Output must consist only of the lines of the material below from the one with "送料無料 Semir 長袖シャツ女性ミディアム丈レターショール" through the one with "کیفیت فوق العاده", each reproduced exactly; no pictures belong in it.

--- --- ---

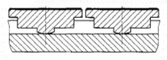 米楔尔止推轴承的止推瓦块间基环直接接触,是单层的(如下图所示)。当止推瓦块承受推力时,可以自动调整止推瓦块的位置,形成有利的油楔。在止推盘两侧分置主止推瓦块和副止推瓦块。在正常情况下,转子的轴向力通过止推盘经过油膜传给主止推瓦块,然后通过基环传给轴承座。但在起动或甩负荷时可能出现反向轴向推力。此推力将由副止推瓦块来承受。止推瓦块与转子止推盘接触的一面衬有巴金合金。其厚度应小于1-1.5mm。并向转子的旋转方向倾斜,这样通过转子止摊盘与止推瓦块表面的相对运动,它们之间就会形成一个承受轴向推力的油楔。
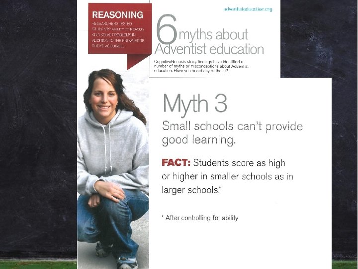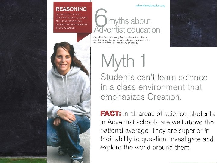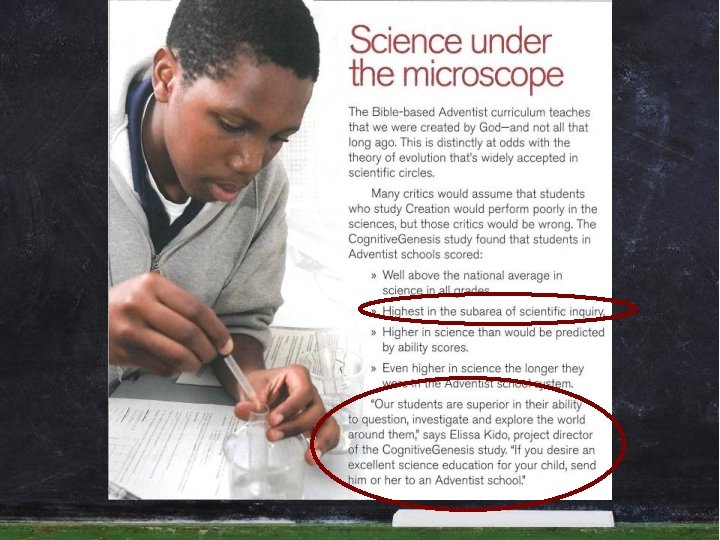 The Cognitive Genesis Study “Amid all the buzz on education reform, the Seventh Day Adventist school system might seem an unexpected place to look for models in improving student achievement. But by educating mind, body, and spirit, Adventist schools outperform the national average across all demographics. ” For real education reform, take a cue from the Adventists By Elissa Kido, Ed. D. , professor of education at La Sierra University Posted on www. csmonitor. com on November 15, 2010.
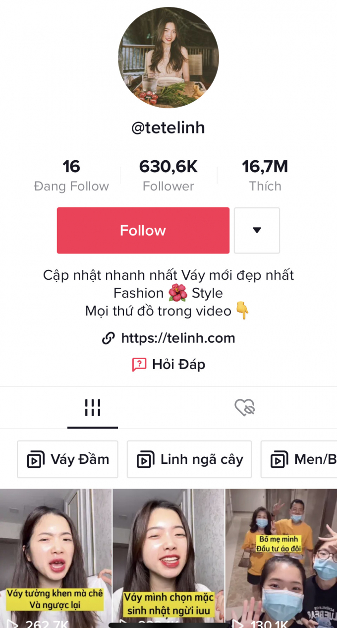 Là một trong những người dùng TikTok đời đầu về lĩnh vực thời trang, mang lại kiến thức cho người xem, Tê Linh đã quá quen thuộc với các bạn trẻ. Tại tài khoản của mình, không chỉ giống như những nhà sáng tạo khác hướng dẫn cách phối đồ, Linh còn chia sẻ thêm nhiều kiến thức chuyên sâu, từ trong nước đến quốc tế, như là nguồn gốc của các thương hiệu, hay những câu chuyện bên lề của các sản phẩm.
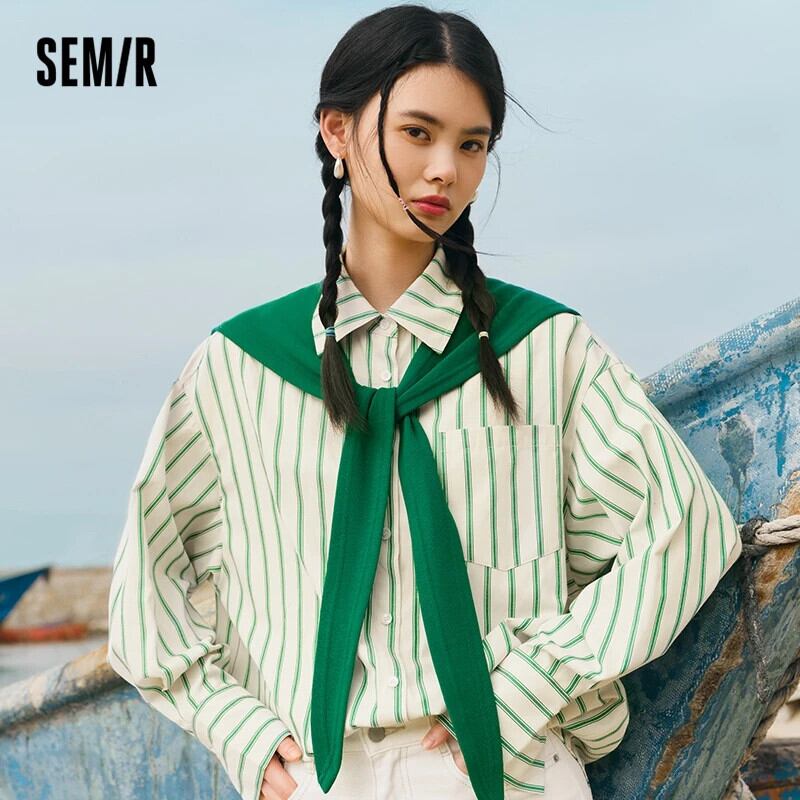 送料無料 Semir 長袖シャツ女性ミディアム丈レターショール 2023 春オーバーサイズストライプシャツレトロ ロング スプリング 春物 AE1212777743548389998
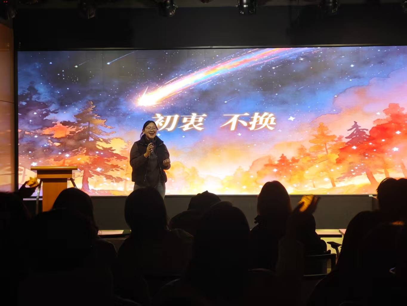 漫天星河揉着流星的碎光在大屏上流淌,陈乐祺同学站在这片梦幻的光影里,抬手执麦唱响《裹着心的光》。她的歌声似一缕暖光穿破夜色,裹着心底的热忱与坚守,从舞台中央轻轻漾开,让藏在旋律里的那份坚定,温柔地触碰到了每一位听众的心底。
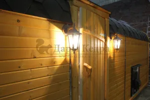 Изысканный светильник под старину сделает вашу баню особенной, добавив красоты и света снаружи.
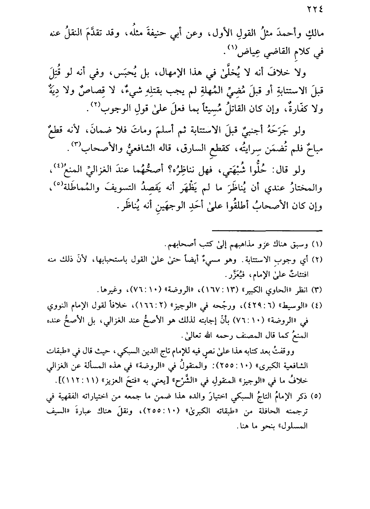 ولا خلاف أنه لا يخلى في هذا الإمهال، بل يحبس، وفي أنه لو قتل قبل الاستتابة أو قبل مضي المهلة لم يجب بقتله شيء، لا قصاص ولا دية ولا كفارة، وإن كان القاتل مسيئًا بما فعل على قول الوجوب.
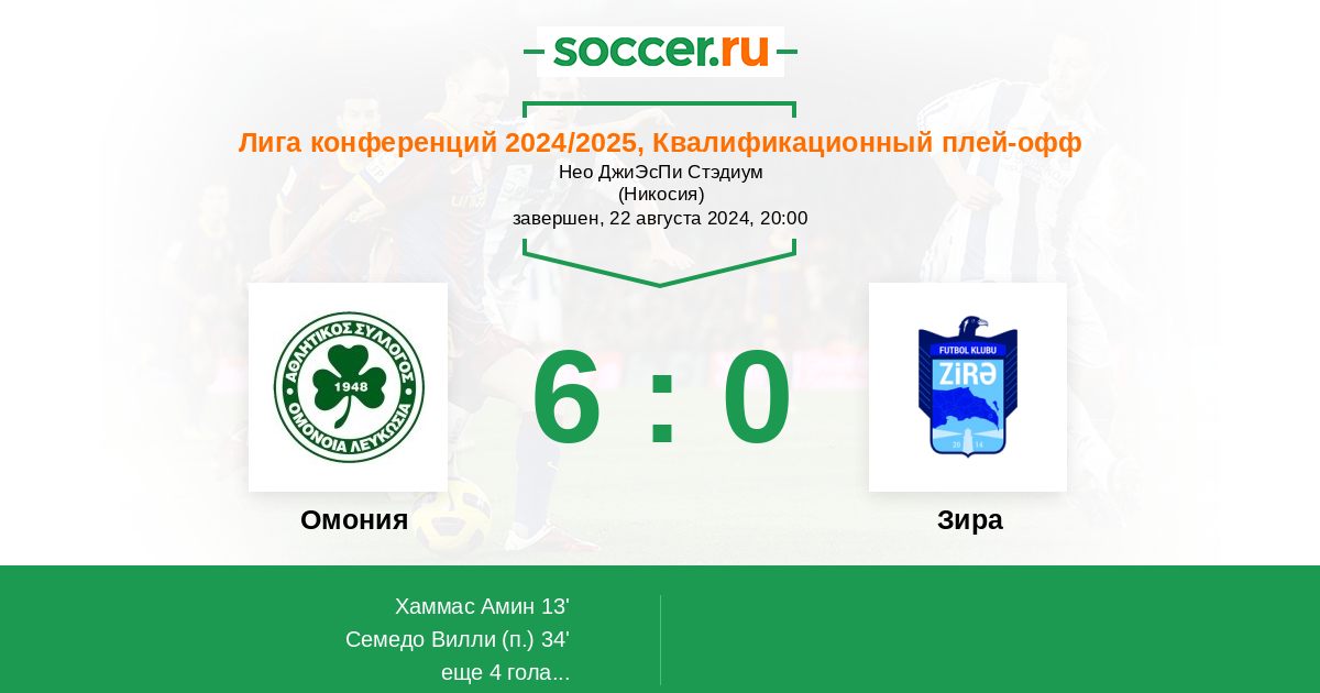 Протокол матча Омония против Зира
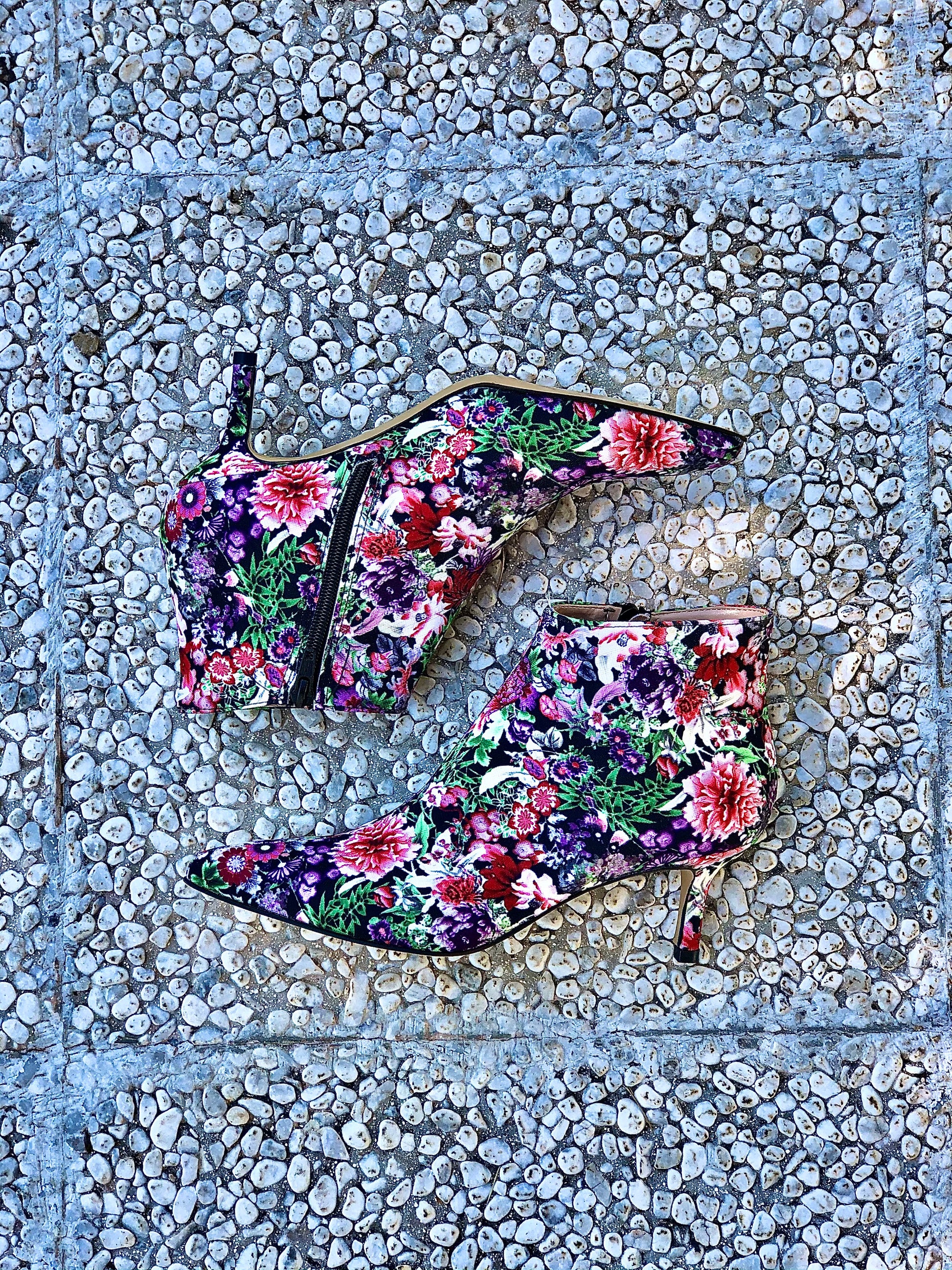 Bottines à bout pointu en tissu floral avec un talon de 6 cm.
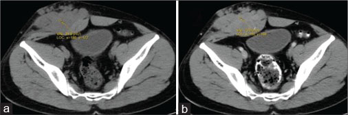 | Figure 2: Computed axial tomography of abdomen - plain (a) and contrast (b) showing well-definedsolid mass with lobulated outlines in the right iliac fossa and hypogastric region in subcutaneous plane causing extrinsic compression and posterior displacement of abdominal wall muscles appearing slightly hypodense on plain study (a) showing heterogeneous enhancement in contrast (b)
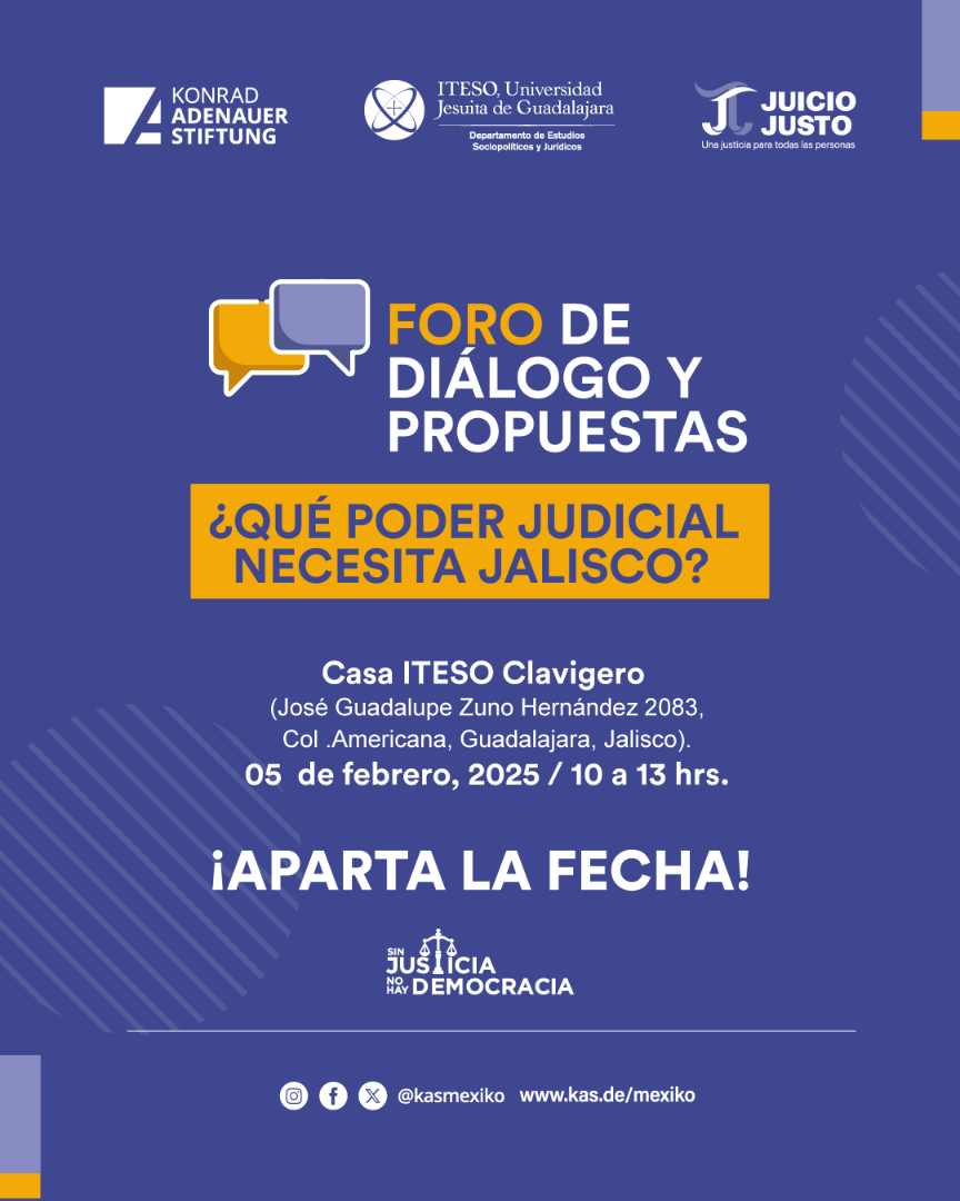 La Fundación Konrad Adenauer (KAS) en México, en colaboración con la Universidad Jesuita de Guadalajara (ITESO) y la organziación Juicio Justo, les invitamos al foro de diálogo y propuestas "¿Qué Poder Judicial necesita Jalisco?
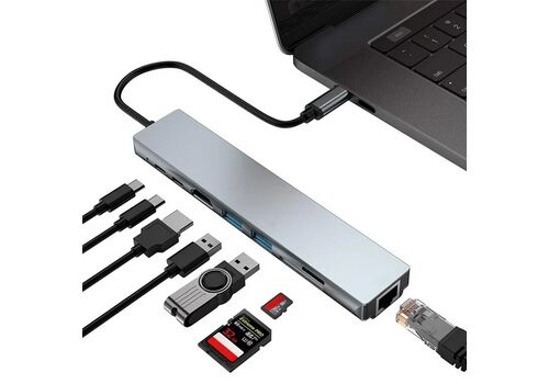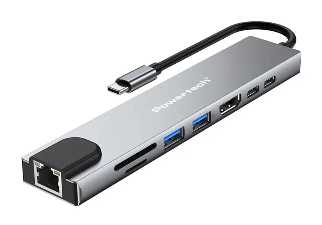 POWERTECH docking station PT-1536, 8 θυρών, USB-C σύνδεση, 87W PD, 100Mbps, γκρι
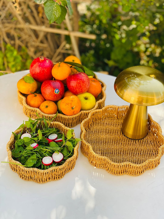 کیفیت فوق العاده ای داره قابل شستشو تغییر رنگ نمیده وارداتی جنس طرح حصیر محکم وبا دوام ومقاوم دربرابر وزن سنگین سایز۲۰/۲۴/۲۸ مناسب برای نون،میوه،سبزیجات،نظم دهنده، اکسسوری،دکور،مزه ویا هرچیزی که دوستدارین میتونید استفاده کنید.
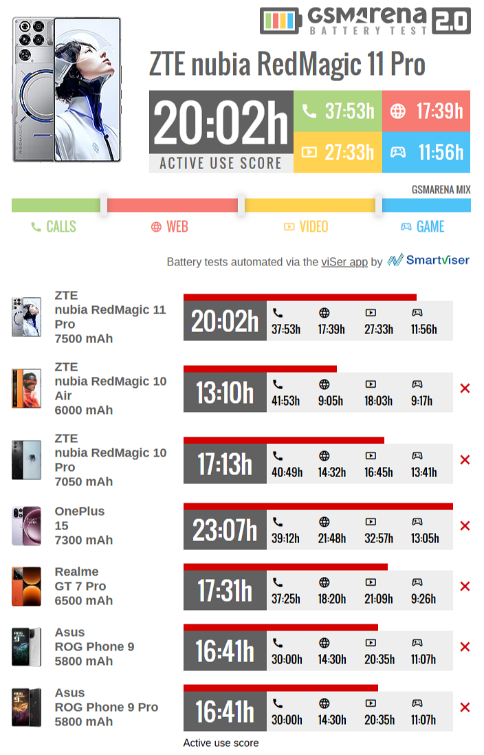 В тесте, который имитирует усредненное время использования устройства, REDMAGIC 11 Pro выдержал впечатляющие 20 часов и 2 минуты. И это один из лучших результатов для флагмана на Snapdragon 8 Elite Gen 5. Впереди только OPPO Find X9 Pro и OnePlus 15 с 21 часом 57 минутами и 23 часами 7 минутами соответственно.

--- --- ---

▶ Task answer:
 送料無料 Semir 長袖シャツ女性ミディアム丈レターショール 2023 春オーバーサイズストライプシャツレトロ ロング スプリング 春物 AE1212777743548389998
 漫天星河揉着流星的碎光在大屏上流淌,陈乐祺同学站在这片梦幻的光影里,抬手执麦唱响《裹着心的光》。她的歌声似一缕暖光穿破夜色,裹着心底的热忱与坚守,从舞台中央轻轻漾开,让藏在旋律里的那份坚定,温柔地触碰到了每一位听众的心底。
 Изысканный светильник под старину сделает вашу баню особенной, добавив красоты и света снаружи.
 ولا خلاف أنه لا يخلى في هذا الإمهال، بل يحبس، وفي أنه لو قتل قبل الاستتابة أو قبل مضي المهلة لم يجب بقتله شيء، لا قصاص ولا دية ولا كفارة، وإن كان القاتل مسيئًا بما فعل على قول الوجوب.
 Протокол матча Омония против Зира
 Bottines à bout pointu en tissu floral avec un talon de 6 cm.
 | Figure 2: Computed axial tomography of abdomen - plain (a) and contrast (b) showing well-definedsolid mass with lobulated outlines in the right iliac fossa and hypogastric region in subcutaneous plane causing extrinsic compression and posterior displacement of abdominal wall muscles appearing slightly hypodense on plain study (a) showing heterogeneous enhancement in contrast (b)
 La Fundación Konrad Adenauer (KAS) en México, en colaboración con la Universidad Jesuita de Guadalajara (ITESO) y la organziación Juicio Justo, les invitamos al foro de diálogo y propuestas "¿Qué Poder Judicial necesita Jalisco?
 POWERTECH docking station PT-1536, 8 θυρών, USB-C σύνδεση, 87W PD, 100Mbps, γκρι
 کیفیت فوق العاده ای داره قابل شستشو تغییر رنگ نمیده وارداتی جنس طرح حصیر محکم وبا دوام ومقاوم دربرابر وزن سنگین سایز۲۰/۲۴/۲۸ مناسب برای نون،میوه،سبزیجات،نظم دهنده، اکسسوری،دکور،مزه ویا هرچیزی که دوستدارین میتونید استفاده کنید.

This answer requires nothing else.